Dutli maintains that Mandelstam has “been recognised all over the world as one of the most important poets of the twentieth century.”  But his numerous quotations do not justify this claim, and his many classical references are more decorative than profound.  In Less Than One (1986) Joseph Brodsky, another Jewish poet from Leningrad, praised Mandelstam’s “nervous, high-pitched, pure voice shot through with love, terror, memory, culture, faith—a voice trembling, perhaps, like a match burning in a high wind, yet utterly inextinguishable.”  But W. H. Auden more persuasively observed, “I don’t see why Mandelstam is considered a great poet.  The translations that I’ve seen don’t convince me of it.”  Brodsky blames the translators and angrily insists, “it makes one shudder at what has been done to his lines in English.”  But in The Government of the Tongue (1988) Seamus Heaney, taught by his friend Brodsky to admire Mandelstam, states, “I cannot believe we lose much by reading [Journey to Armenia] in Clarence Brown’s lucid and athletic English.”
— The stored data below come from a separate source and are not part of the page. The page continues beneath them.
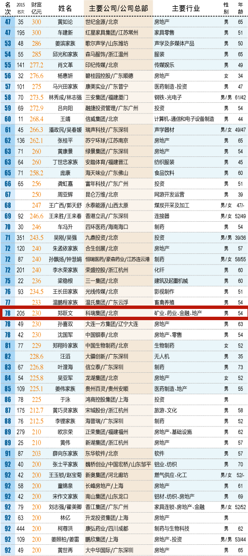2016年“新财富500富人榜”出炉,其中郑跃文凭借230亿元的财富值成为江西首富,在全国排第78位。
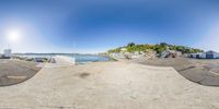 Aerial view of the city of Wellington, New Zealand, showcasing its beautiful architecture and coastal location with the ocean and sea in the background. The road surface and bridge connect the city to the surrounding areas, while the clear sky and clouds create a scenic atmosphere.
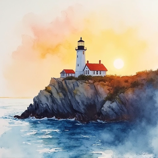 Watercolor1024x1024a lighthouse on a rocky cliff at golden hour
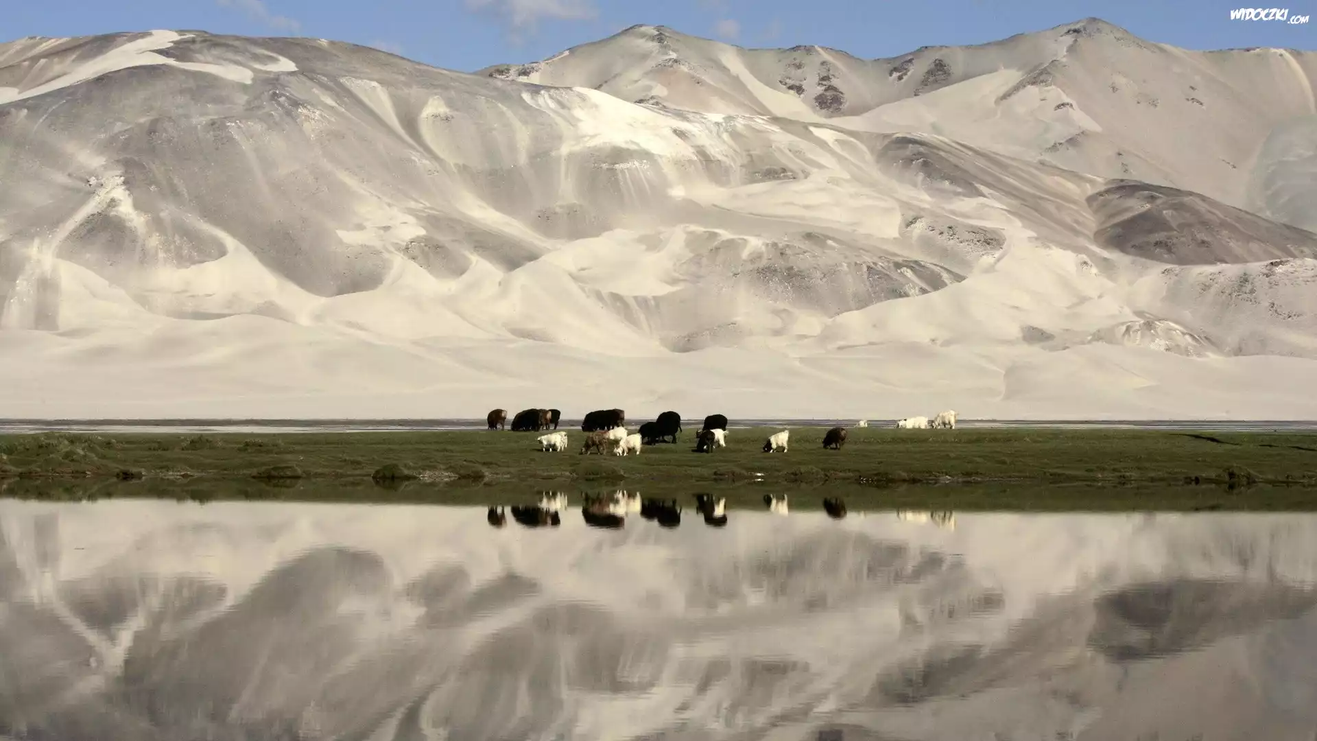 Zdjęcia, Zwierzęta, Pastwisko, Góry, Woda
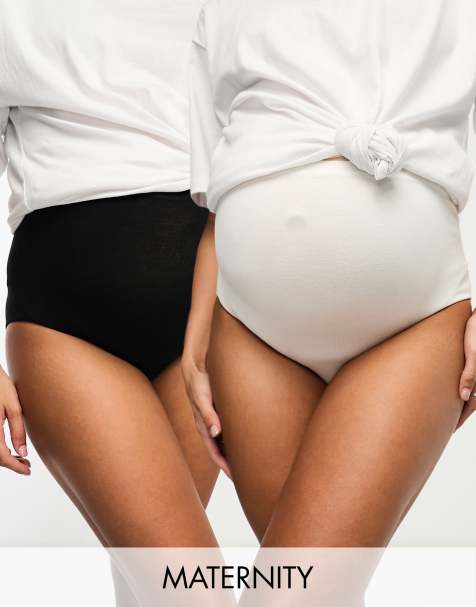 Mamalicious Maternity - Confezione da 2 paia di slip premaman contenitivi a vita alta bianco e nero
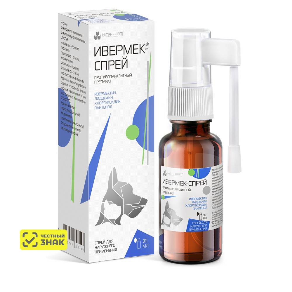 Ивермек-спрей обладает выраженным акарицидным действием на преимагинальные и имагинальные фазы развития саркоптоидных (Sarcoptes spp., Psoroptes spp., Otodectes cynotis, Notoedres cati) и демодекозных (Demodex canis) клещей, паразитирующих у собак, кошек, пушных зверей и грызунов, а также кнемидокоптозных клещей (Knemidocoptes spp.), паразитирующих у птиц. Механизм действия ивермектина, входящего в состав препарата, заключается в его воздействии на величину тока ионов хлора через мембраны нервных и мышечных клеток паразита. Основной мишенью являются глутаматчувствительные хлорные каналы, а также рецепторы гамма-аминомасляной кислоты. Изменение тока ионов хлора нарушает проведение импульсов, что приводит к параличу и гибели паразитов. Вспомогательные компоненты препарата — пантенол и лидокаин оказывают ранозаживляющее и местное анестезирующее действие с выраженным противозудным эффектом, хлоргексидина биглюконат проявляет антибактериальное и противовоспалительное действие. После наружного применения лекарственного средства ивермектин, практически не всасываясь в системный кровоток, в основном накапливается в эпидермисе, волосяных луковицах и сальных железах тела животного, оказывая акарицидное действие в течение 5 – 7 дней. Ивермек-спрей по степени воздействия на организм теплокровных животных относится к малоопасным веществам, в рекомендуемых дозах не оказывает кожнораздражающего и резорбтивно-токсического действия. При попадании в глаза ивермек-спрей вызывает слабое раздражение. Препарат токсичен для рыб и пчел.

Brodsky’s 1986 translation of a quatrain from Mandelstam’s major poem, “Verses on the Unknown Soldier,” is slightly better than David McDuff’s (1973).  But they are quite similar: mess/ muddle, jumble /medley, beam / ray, slanted soles / squint feet, retina / pupil, and McDuff’s earlier version certainly doesn’t make one shudder:

An Arabian mess and a muddle,

The light of speeds honed into a beam—

And with its slanted soles,

A ray balances on my retina. (Brodsky)

An Arabian jumble, medley,

the light of speeds ground down to a ray—

and on its squint feet

the ray stands in my pupil.

 (McDuff)

 

McDuff also translates one of Mandelstam’s saddest and most poignant quatrains:

It is transparent and dark in the great pool,

and a languorous window stands white;

but the heart—why does it so slowly,

so insistently grow heavy?

Dutli effectively concludes the book with tributes from distinguished writers, including Tsvetaeva, Ilya Ehrenburg, Vladimir Nabokov, Paul Celan and Derek Walcott, who wrote:

Frightened and starved, with divine fever,

Osip Mandelstam shook, and every

Metaphor shuddered him with ague.

But now that fever is a fire whose glow

Warms our hands.

Jeffrey Meyers has just published James Salter: Pilot, Screenwriter, Novelist.  His Parallel Lives: From Freud and Mann to Arbus and Plath will appear on July 3, 2024, both books with Louisiana State University Press.